How do you know which of the many CEO gabfest invites that crowd your email inboxes with their enthusiastic glossy invitations—easily three or four a day—are worth your while? More than 1,000 CEO conferences and events are held globally each year, according to the Conference Board.

Post Covid-19, many posited that CEOs would permanently shun in-person attendance conference, trade shows and industry forums. Bill Gates predicted that fully 50 percent of business travel would be replaced by video conferencing. Similarly, Airbnb’s Brian Chesky told CNN, “Traditional business travel will never return the way it was… The bar is higher to get on a plane to do a meeting.”

But the doomsayers were wrong. Business travel and conference activity are soaring. McKinsey reports business travel largely up six percent over pandemic peaks to $1.5 trillion. American Express Global Business Travel’s 2025 Global Meetings and Events Forecast reports that 66 percent of meeting-planning professionals expect in-person meeting spending to grow in the future.

I founded the world’s first school for incumbent CEOs 37 years ago—long before programs by the WEF/Davos, Chief Executive, Forbes, Fortune, BusinessWeek, The New York Times, The Wall Street Journal, Semafor, The Atlantic, The Conference Board, Microsoft, CNBC and others. I helped most of these later entrants launch their programs. After having hosted and helped facilitate hundreds of CEO forums, I have some insight into what qualities are worthy of your time, travel and trust.

Hidden Commercial Purpose: In the classic John Cleese (of Monty Python) and Antony Jay film Meetings Bloody Meetings, the protagonist erupts in anger when asked for the purpose of a meeting and barks back: “Purpose? The purpose of a meeting is… to meet… that’s it. Just to meet.” Often, an event’s true agenda is to sell access to the ear of the CEO, which means you’ll get ambushed by vendors at every turn.
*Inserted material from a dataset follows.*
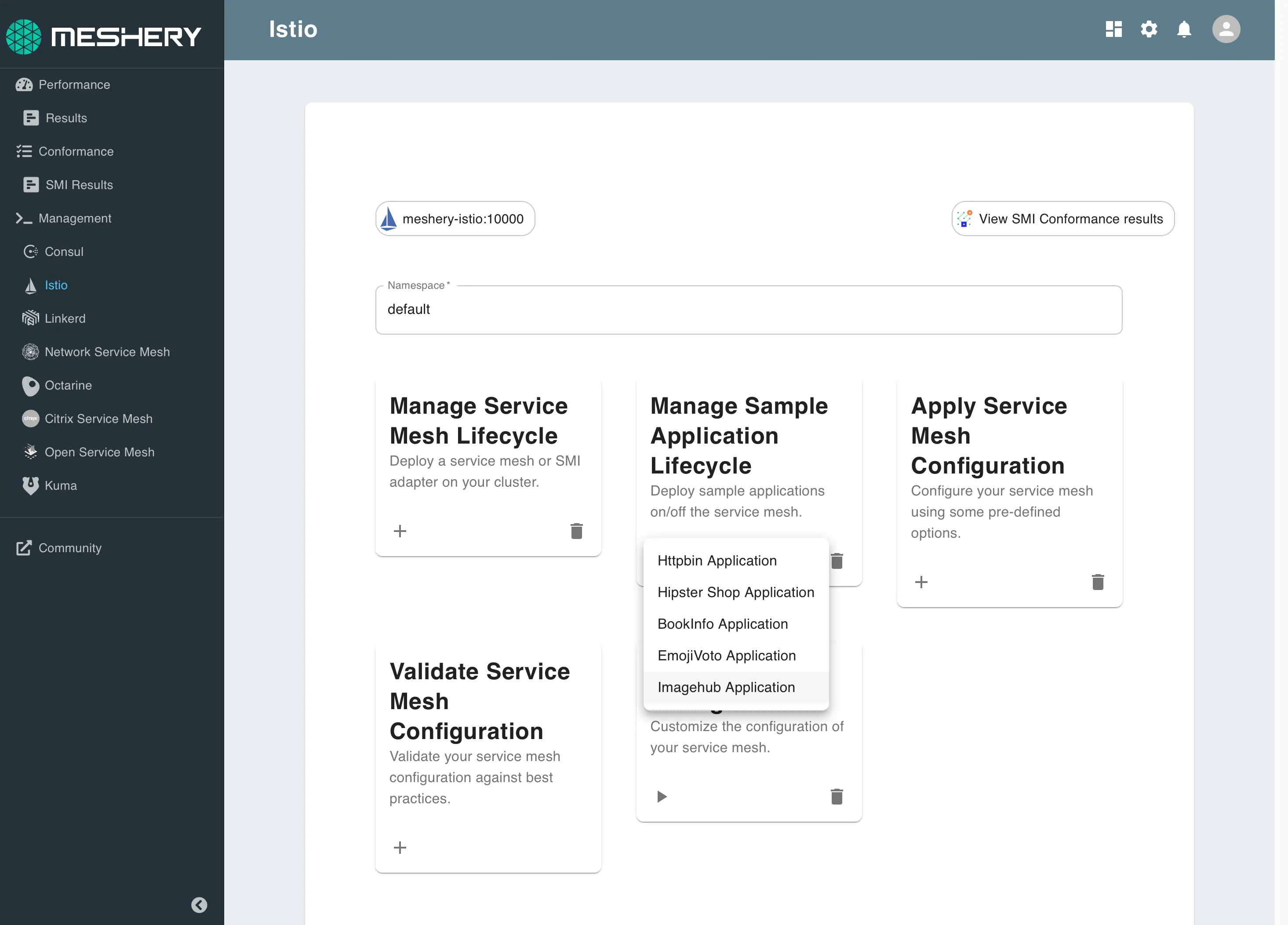 Using Meshery, select Istio from the Management menu.

Avoid strongarmed sales pitches in favor of events where sponsors look to reach new clients by providing useful frameworks and answers to challenges that are shared.

Size of the Forum: A format that entails more than 100 attendees sitting neatly in rows in a large auditorium or hotel ballrooms dilutes the value of the event. You could have the same opportunity for meaningful formal interaction watching Book Notes on CSPAN at home.

Spiderweb of Network Events: Frequent coffee breaks and receptions labelled as network opportunities where you’ll be pursued by aggressive job seekers and salespeople should be avoided like the plague. Strategic topic-defined sessions where you can learn something are far more valuable than résumé-driven speed dating.

Match of Stature: When an event oversells the credentials and accomplishments of fellow participants, CEOs can inadvertantly find themselves teaching a pool of would-be protégés. Don’t be lulled into serving on a panel with those billed as content experts who are actually consultants new to the topic or even VIPs with celebrity stature but who lack expertise in the theme at hand.

Passive vs. Active Engagement: Screen out meetings where the format involves listening to rehearsed pitches from disconnected panelists or spectating while reporters or vendors interview a celebrity on inside gossip or a self-promoting saga. Debates between peer CEOs or experts discussing alternative paths to reach common goals are infinitely more valuable. As much as alumni love to salute their alma maters, there is no single best way to solve a business problem. Panels should be real-life case studies that present innovative options and foster active audience exchanges.

The renowned Harvard economist John Kenneth Galbraith told me during a student/faculty governance meeting in 1975, “Meetings are indispensable when you don’t want to do anything.”